ST - Refund - Rule 5 - Ground taken in Revenue appeal that nexus is required to be proved of input services used for services provided outside India was not ground of rejection of refund by adjudicating authority, hence appeal not sustainable: CESTAT
By TIOL News Service
MUMBAI, AUGUST 18, 2014: THIS is a Revenue appeal.
The respondent assessee is engaged in providing taxable services falling under the category of "Information Technology Software Services" and is registered with the Service Tax Department. They exported services and preferred claim of refund under the Rule 5 of the CCR, 2004 but were rejected mainly on the ground that the invoices are raised in the name of different parties whereas the remitter of foreign exchange appears to be different. The address on some of the input invoices of the appellant are not proper as it shows the address of the Link Way Estate, Link Road, Malad (W), Mumbai, whereas the registered office is located at 2 nd Floor, B Wing, Acme I-I Park, Old Nagardas Road, Mogra Village, Andheri (E), Mumbai. The second ground of rejection is, values of taxable services do not tally with the amount received in the given quarter.
The Commissioner (Appeals) allowed the appeal on the ground that there is no dispute as regards compliance of Rule 3(2) of the Export of Service Rules. Furthermore, as regards the difference in name of service receiver and name of remitter of foreign exchange, the appellant explained that have engaged payment handlers outside India, who chase the payment with the recipient of service and having collected the same, remitted the amount to the appellant after following the provisions under FEMA and accordingly, there is no ground for rejection of refund claim. In the matter of address in the invoices, the corporate office was shifted in the year 2009, the appellant had submitted. Further, as regards the difference in the value of the services, it is stated that the value of services rendered and the value of invoices raised can never be the same, a common occurrence in business, with regard to remittance received during the relevant period and it is not a discrepancy. It is also common that the payments are received after few months from the raising of invoices, upon settlement.
As mentioned, Revenue is in appeal.
The Bench observed -
"5. The ground no. (i), (ii) and (v) raised by Revenue in the appeals are to the effect that the value of taxable service exported does not tally with the figures shown in St-3 return. So far the above mentioned ground is concerned, the Revenue relies on the Order-in-Original but is unable to dispute the findings of the lower appellate authority and also the points urged in cross-objection field before the Tribunal.

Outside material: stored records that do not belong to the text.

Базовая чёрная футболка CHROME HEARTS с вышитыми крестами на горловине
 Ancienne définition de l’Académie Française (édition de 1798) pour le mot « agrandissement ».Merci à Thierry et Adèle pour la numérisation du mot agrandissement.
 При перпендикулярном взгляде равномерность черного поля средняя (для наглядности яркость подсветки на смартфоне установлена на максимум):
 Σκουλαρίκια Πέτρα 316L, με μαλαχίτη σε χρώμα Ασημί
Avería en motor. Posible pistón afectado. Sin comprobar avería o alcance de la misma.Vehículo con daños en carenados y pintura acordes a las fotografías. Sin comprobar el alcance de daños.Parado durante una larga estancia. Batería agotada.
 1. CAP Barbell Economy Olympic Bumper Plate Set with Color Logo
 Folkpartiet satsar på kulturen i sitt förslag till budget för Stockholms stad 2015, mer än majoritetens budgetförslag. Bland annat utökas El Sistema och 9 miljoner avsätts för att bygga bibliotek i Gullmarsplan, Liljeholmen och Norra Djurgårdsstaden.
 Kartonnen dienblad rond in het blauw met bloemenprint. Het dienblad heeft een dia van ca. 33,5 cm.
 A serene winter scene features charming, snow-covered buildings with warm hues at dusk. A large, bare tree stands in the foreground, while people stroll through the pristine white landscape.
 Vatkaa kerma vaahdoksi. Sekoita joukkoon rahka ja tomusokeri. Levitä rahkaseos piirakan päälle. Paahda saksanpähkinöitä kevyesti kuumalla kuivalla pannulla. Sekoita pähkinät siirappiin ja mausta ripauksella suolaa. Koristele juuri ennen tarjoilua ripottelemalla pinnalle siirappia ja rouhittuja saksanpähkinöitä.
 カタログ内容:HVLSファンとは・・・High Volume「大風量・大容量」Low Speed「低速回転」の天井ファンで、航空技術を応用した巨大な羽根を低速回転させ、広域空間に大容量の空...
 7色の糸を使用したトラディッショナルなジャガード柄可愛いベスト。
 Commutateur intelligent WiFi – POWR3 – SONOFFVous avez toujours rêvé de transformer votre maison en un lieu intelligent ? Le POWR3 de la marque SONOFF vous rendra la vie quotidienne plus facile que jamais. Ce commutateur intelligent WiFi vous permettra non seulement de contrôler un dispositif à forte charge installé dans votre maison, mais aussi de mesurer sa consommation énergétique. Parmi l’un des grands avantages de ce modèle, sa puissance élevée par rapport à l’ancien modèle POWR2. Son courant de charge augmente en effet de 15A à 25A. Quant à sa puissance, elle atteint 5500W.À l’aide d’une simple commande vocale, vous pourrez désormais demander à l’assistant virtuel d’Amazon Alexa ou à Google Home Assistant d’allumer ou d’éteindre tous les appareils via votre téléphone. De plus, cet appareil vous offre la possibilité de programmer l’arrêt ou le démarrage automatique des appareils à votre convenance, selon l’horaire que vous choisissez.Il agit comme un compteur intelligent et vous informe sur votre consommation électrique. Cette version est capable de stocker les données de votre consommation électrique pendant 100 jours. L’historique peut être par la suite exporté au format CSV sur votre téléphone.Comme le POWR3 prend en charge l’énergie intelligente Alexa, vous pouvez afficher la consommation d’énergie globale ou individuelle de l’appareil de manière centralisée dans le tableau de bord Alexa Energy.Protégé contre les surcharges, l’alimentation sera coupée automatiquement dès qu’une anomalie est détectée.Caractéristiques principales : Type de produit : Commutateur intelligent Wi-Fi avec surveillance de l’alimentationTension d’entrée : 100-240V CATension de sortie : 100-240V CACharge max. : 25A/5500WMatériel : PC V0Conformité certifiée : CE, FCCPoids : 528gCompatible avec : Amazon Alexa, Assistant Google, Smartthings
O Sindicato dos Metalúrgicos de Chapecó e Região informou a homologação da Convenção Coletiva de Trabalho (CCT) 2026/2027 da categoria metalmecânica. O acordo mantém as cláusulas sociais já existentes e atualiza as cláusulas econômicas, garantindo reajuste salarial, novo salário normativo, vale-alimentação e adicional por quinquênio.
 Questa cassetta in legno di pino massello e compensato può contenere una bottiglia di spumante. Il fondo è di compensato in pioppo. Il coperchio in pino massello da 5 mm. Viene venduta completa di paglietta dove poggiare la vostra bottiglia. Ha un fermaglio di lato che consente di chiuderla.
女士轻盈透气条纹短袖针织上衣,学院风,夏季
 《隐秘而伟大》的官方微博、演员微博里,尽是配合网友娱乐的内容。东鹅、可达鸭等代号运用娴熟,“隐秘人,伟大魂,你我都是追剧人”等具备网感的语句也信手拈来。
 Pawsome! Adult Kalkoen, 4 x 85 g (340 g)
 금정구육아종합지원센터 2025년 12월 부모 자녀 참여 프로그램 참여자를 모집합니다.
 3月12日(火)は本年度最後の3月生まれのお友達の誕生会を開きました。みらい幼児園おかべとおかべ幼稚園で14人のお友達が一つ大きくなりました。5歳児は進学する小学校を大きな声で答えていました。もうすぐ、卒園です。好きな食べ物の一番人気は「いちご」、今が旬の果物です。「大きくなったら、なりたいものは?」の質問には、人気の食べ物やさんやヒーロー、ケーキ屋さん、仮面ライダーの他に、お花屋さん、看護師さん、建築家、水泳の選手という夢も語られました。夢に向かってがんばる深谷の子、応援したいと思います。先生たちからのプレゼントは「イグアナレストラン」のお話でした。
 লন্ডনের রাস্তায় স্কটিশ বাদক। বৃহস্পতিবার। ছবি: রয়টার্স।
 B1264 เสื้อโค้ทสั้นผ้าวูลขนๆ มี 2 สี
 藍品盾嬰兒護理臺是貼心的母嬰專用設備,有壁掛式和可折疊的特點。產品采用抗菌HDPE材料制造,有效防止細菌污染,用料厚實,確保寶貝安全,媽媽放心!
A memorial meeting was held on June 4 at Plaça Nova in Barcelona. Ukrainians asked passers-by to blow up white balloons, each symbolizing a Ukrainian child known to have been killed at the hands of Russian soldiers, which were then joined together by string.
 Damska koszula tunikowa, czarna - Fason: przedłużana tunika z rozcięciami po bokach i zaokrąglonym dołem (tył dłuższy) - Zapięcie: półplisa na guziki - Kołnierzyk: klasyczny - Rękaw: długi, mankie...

The next ground (iii) taken in the appeal is nexus is required to be proved of the input services used for services provided outside India, the same is required under condition No. 5 of Notification No. 5/2006. So far this ground is concerned, I find from the Order-in-Original that this was not the ground of rejection of refund, hence not sustainable. The next ground taken is with regard to address mentioned on some of the invoices, which is at Link Way Estate, Link Road, Malad (W), Mumbai, which is appropriately explained by the respondent in the cross-objection and a categorical finding is also recorded in para 8 of the impugned order. As the said finding of Commissioner (Appeals) has not been challenged, I hold that this ground is also not sustainable. No substantial question is raised vide ground Nos. (iv) & (vi) and the same stand rejected."
In fine, the Revenue appeals were dismissed and the cross-objections filed by the respondent were allowed with consequential relief. The adjudicating authority was directed to issue the refund within 30 days with interest.